• _WHAT IS EXPECTED_
Could you restate, exactly and with nothing added, the lines from the start of the data through the line that holds "Antoine Griezmann et", leaving the pictures out?

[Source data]

▽

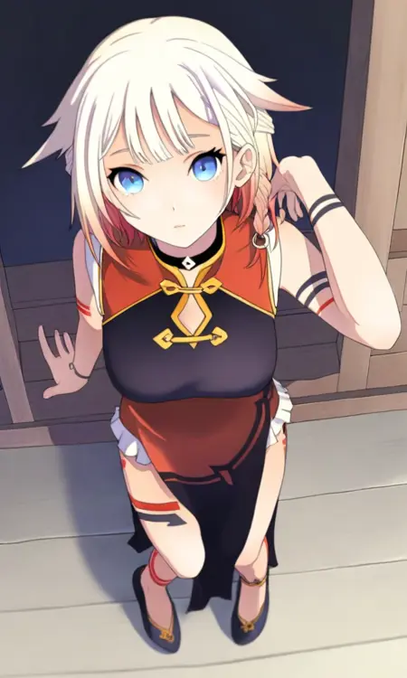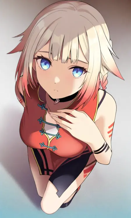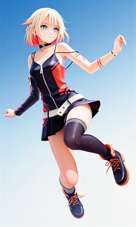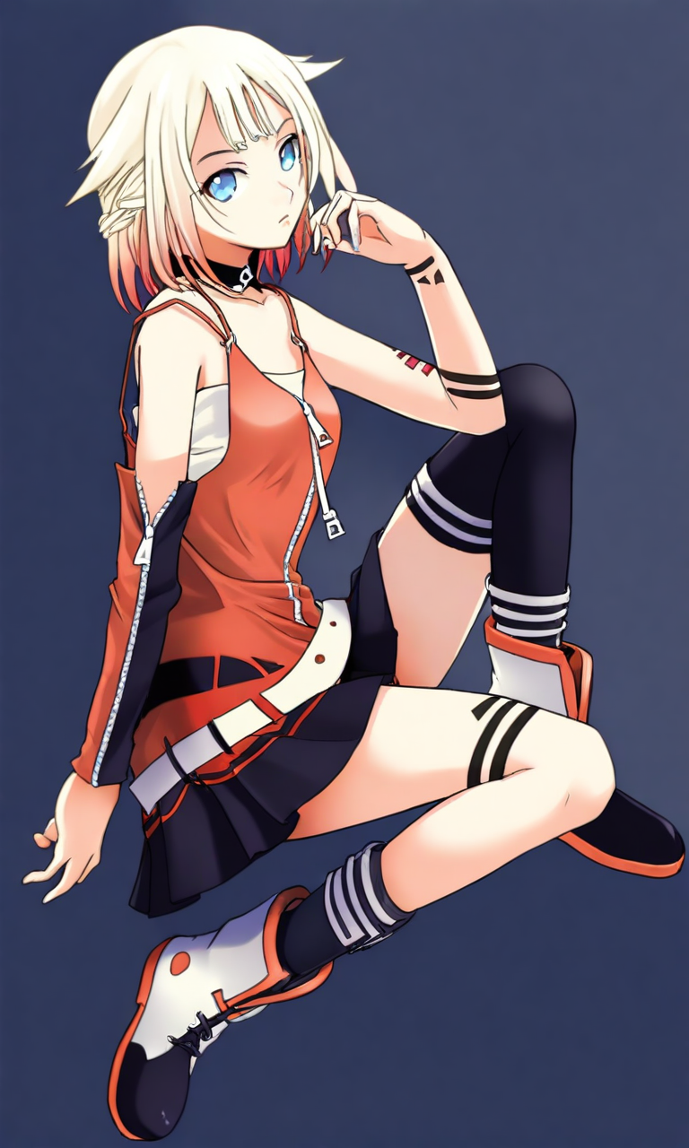 | 학습된 단어 | ONE_CeVIOIL,1girl,blue eyes,blonde,multi-colored hair,short hair,braid,hair flaps,choker,복사됨! bare shoulders,single detached sleeves,minidress,spaghetti strap,arm markings,leg markings,zipper,white belt,black skirt,assymetrical legwear,cross-laced footwear복사됨! |
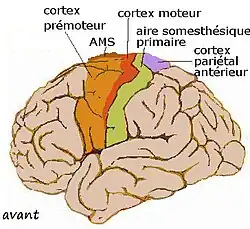 - l'aire motrice supplémentaire (AMS) qui coordonne et planifie les gestes complexes impliquant une séquence de mouvements ou la coordination de plusieurs membres. L'AMS est située en avant du cortex moteur, sur la face interne des deux hémisphères,
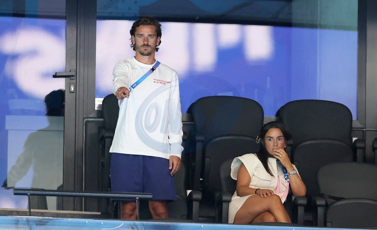 Antoine Griezmann et sa femme Erika Choperena - Célébrités assistent à la victoire de Léon Marchand qui devient champion Olympique sur 400 m 4 nages lors des Jeux Olympiques de Paris 2024 (JO) à Paris La Defense Arena à Nanterre le 28 juillet 2024. © Dominique Jacovides-Pierre Perusseau/Bestimage Celebrities attend the victory of Léon Marchand who becomes Olympic champion in the 400m medley during the Paris 2024 Olympic Games (Olympics) at Paris La Defense Arena in Nanterre on July 28, 2024
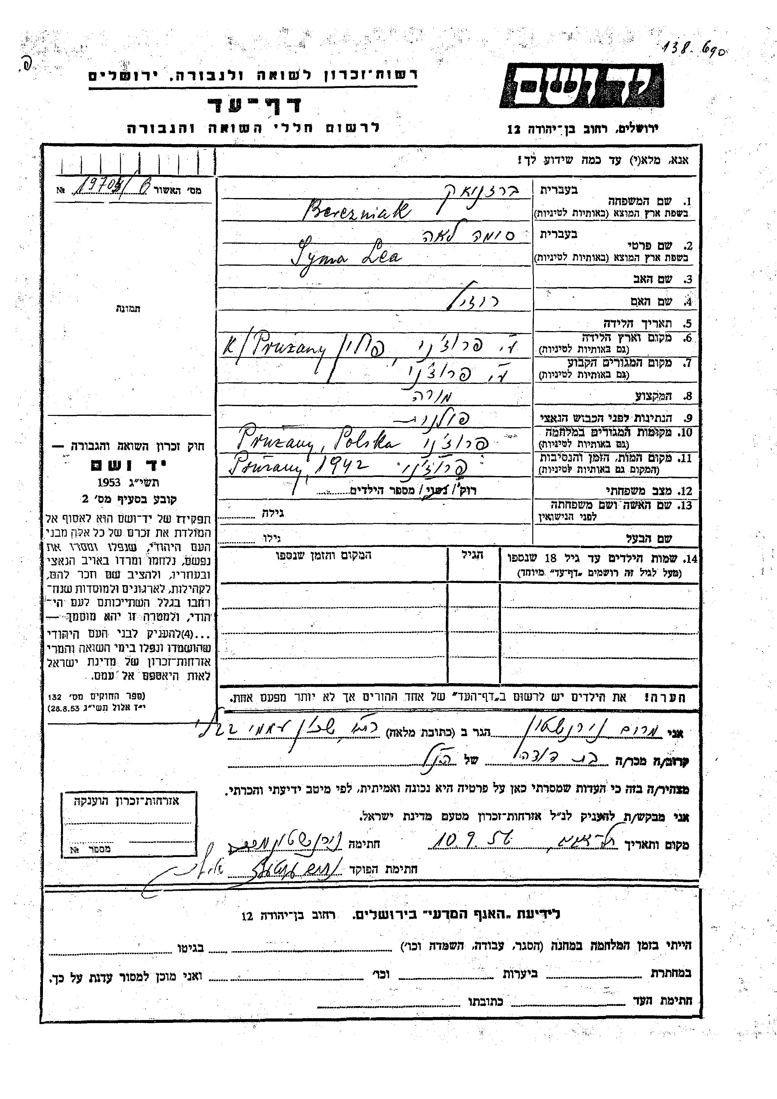 Сима Лея Березняк, место рождения: Пружаны, Польша.Mать:Рейзил. Учитель / учительница. Холост / не замужем. Место жительства до войны: Пружаны, Польша. Место во время войны: Пружаны, Польша.
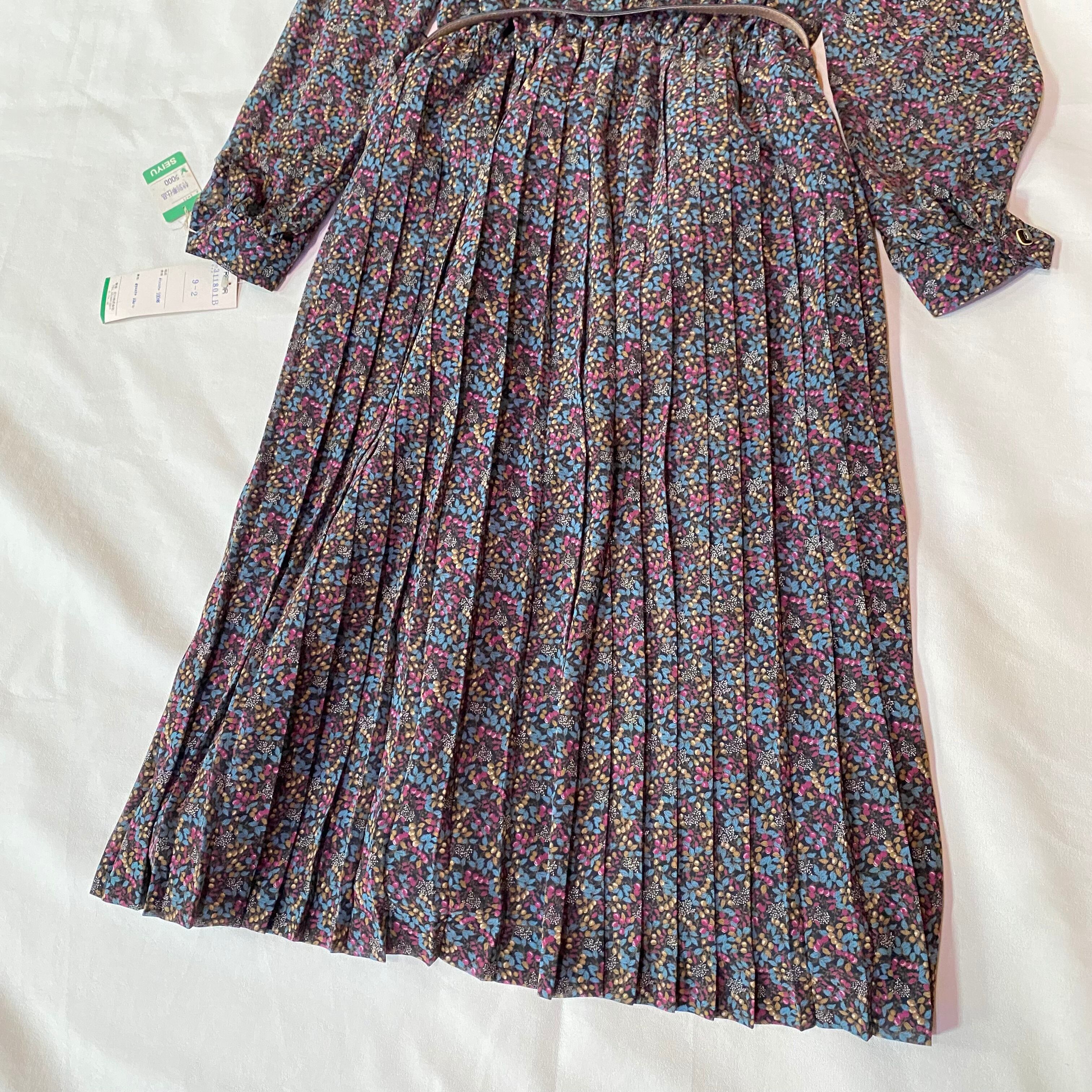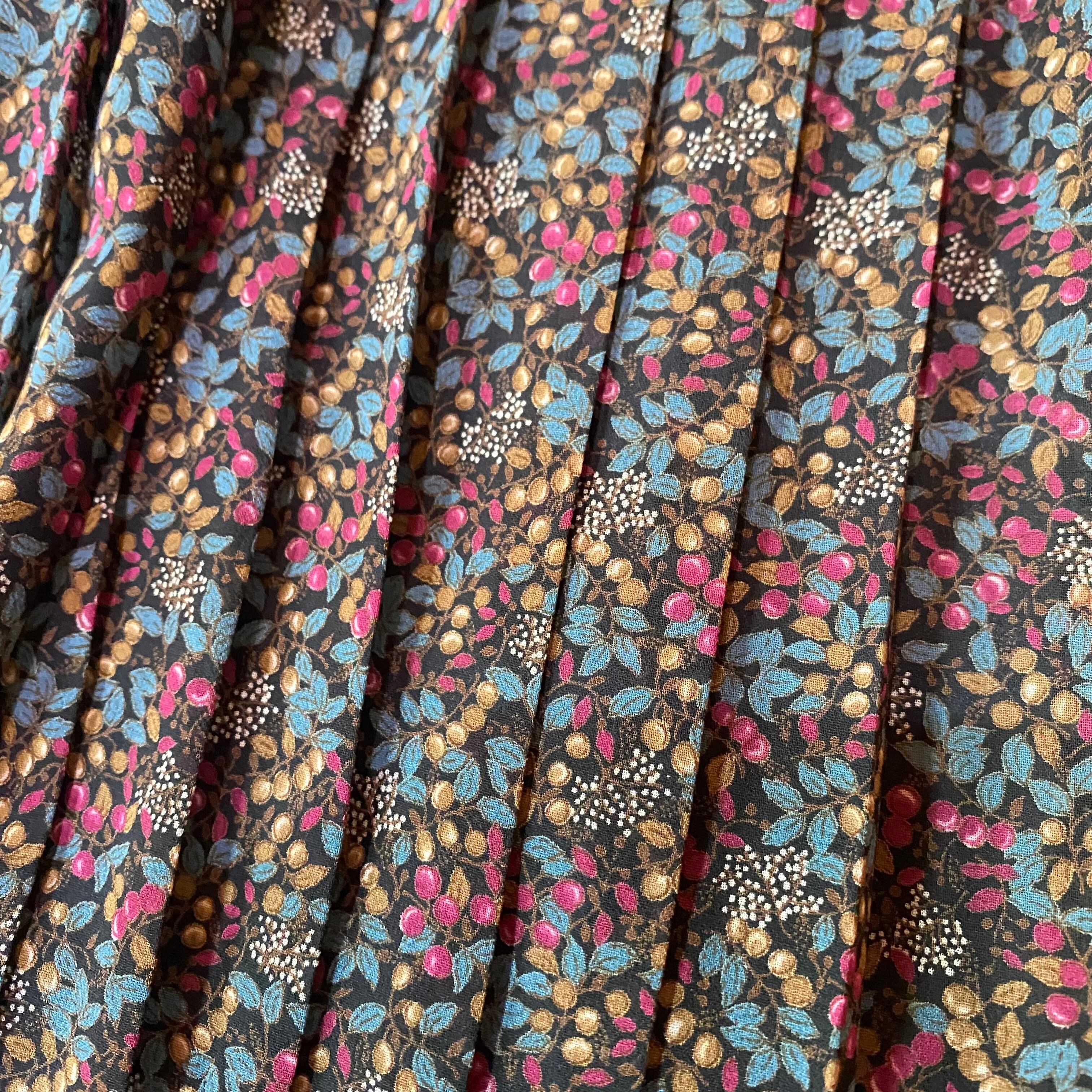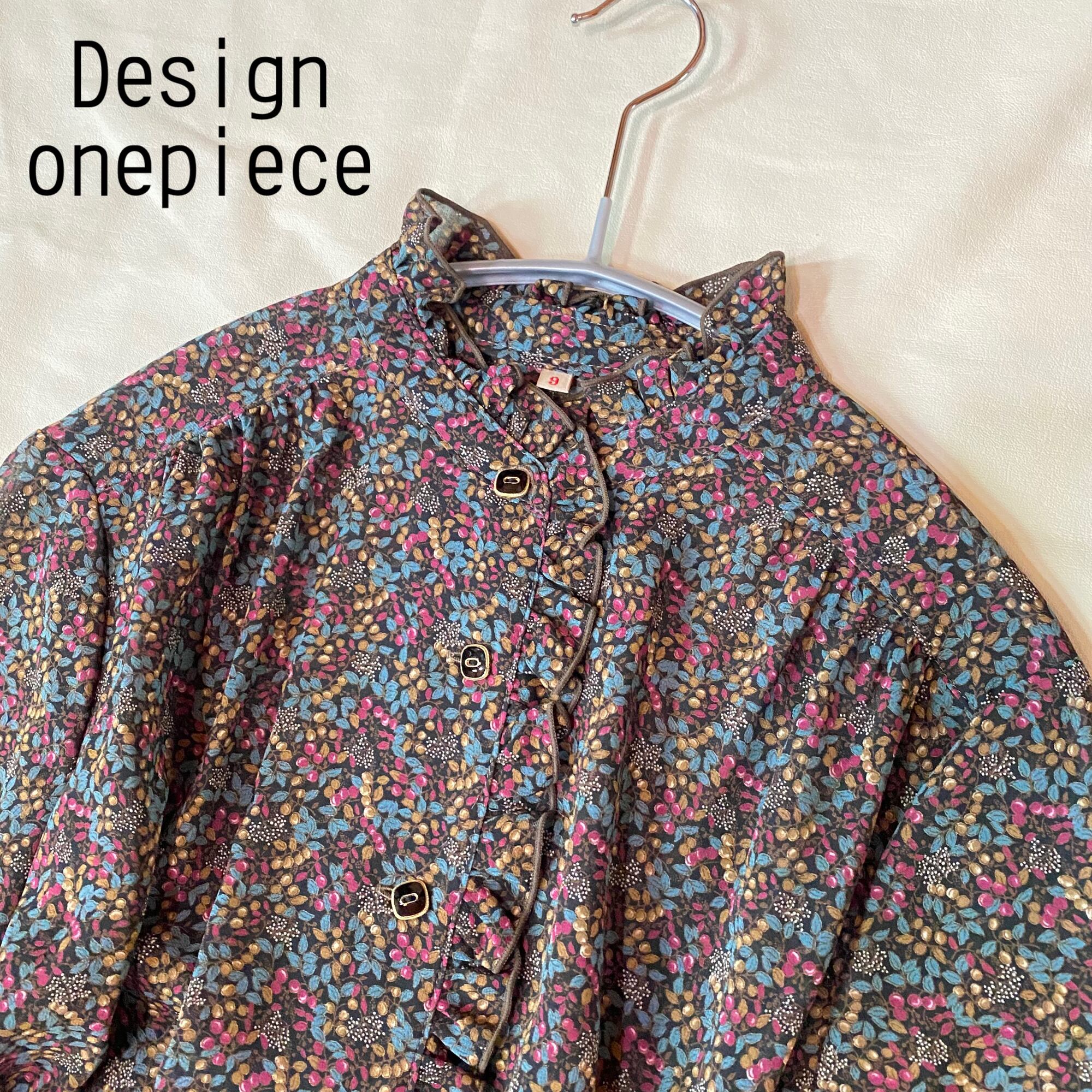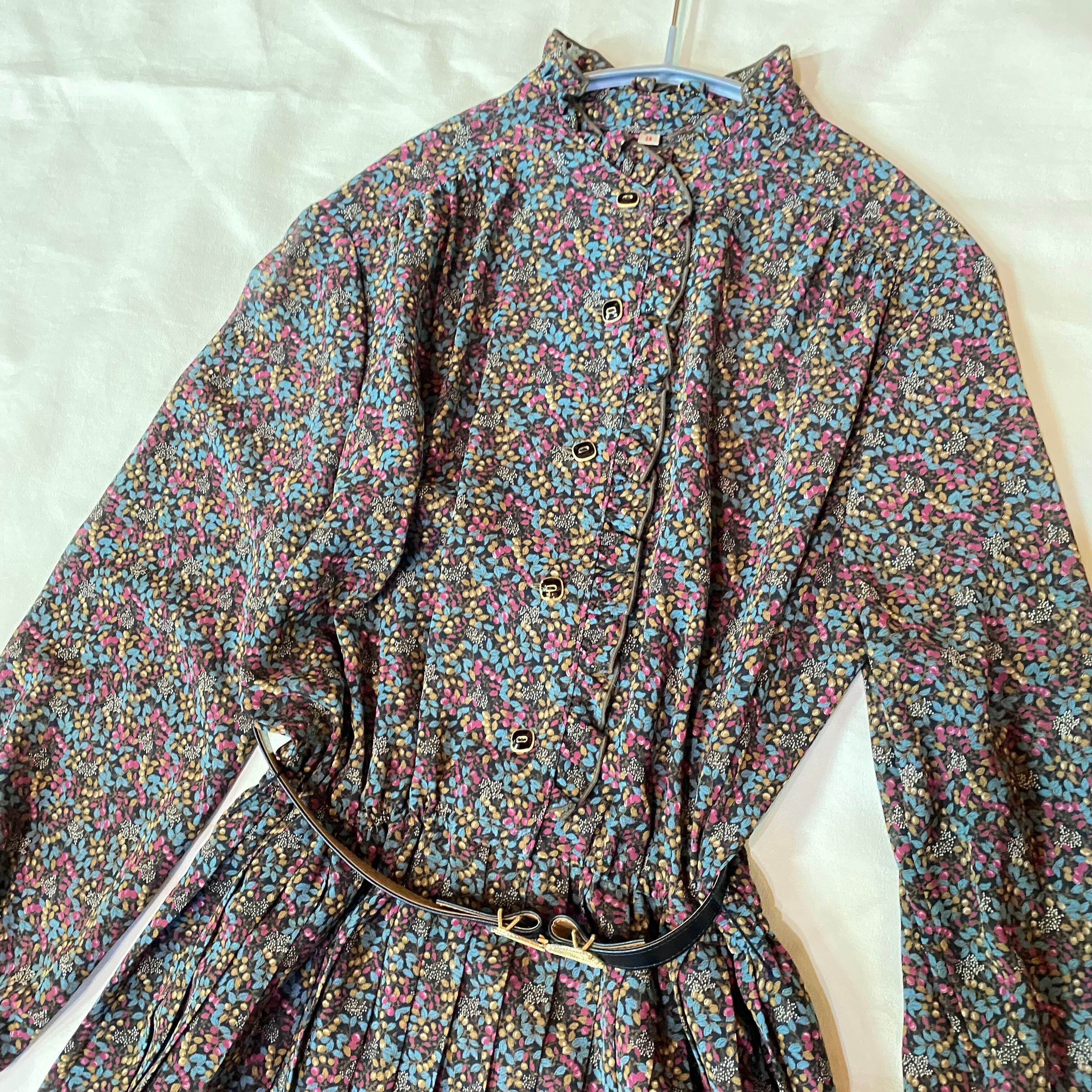 昭和レトロ ボタニカル柄 フリルプリーツロングワンピース ベルト付き 古着 レディース サイズ9

△

• _RESPONSE AREA_
 | 학습된 단어 | ONE_CeVIOIL,1girl,blue eyes,blonde,multi-colored hair,short hair,braid,hair flaps,choker,복사됨! bare shoulders,single detached sleeves,minidress,spaghetti strap,arm markings,leg markings,zipper,white belt,black skirt,assymetrical legwear,cross-laced footwear복사됨! |
 - l'aire motrice supplémentaire (AMS) qui coordonne et planifie les gestes complexes impliquant une séquence de mouvements ou la coordination de plusieurs membres. L'AMS est située en avant du cortex moteur, sur la face interne des deux hémisphères,
 Antoine Griezmann et sa femme Erika Choperena - Célébrités assistent à la victoire de Léon Marchand qui devient champion Olympique sur 400 m 4 nages lors des Jeux Olympiques de Paris 2024 (JO) à Paris La Defense Arena à Nanterre le 28 juillet 2024. © Dominique Jacovides-Pierre Perusseau/Bestimage Celebrities attend the victory of Léon Marchand who becomes Olympic champion in the 400m medley during the Paris 2024 Olympic Games (Olympics) at Paris La Defense Arena in Nanterre on July 28, 2024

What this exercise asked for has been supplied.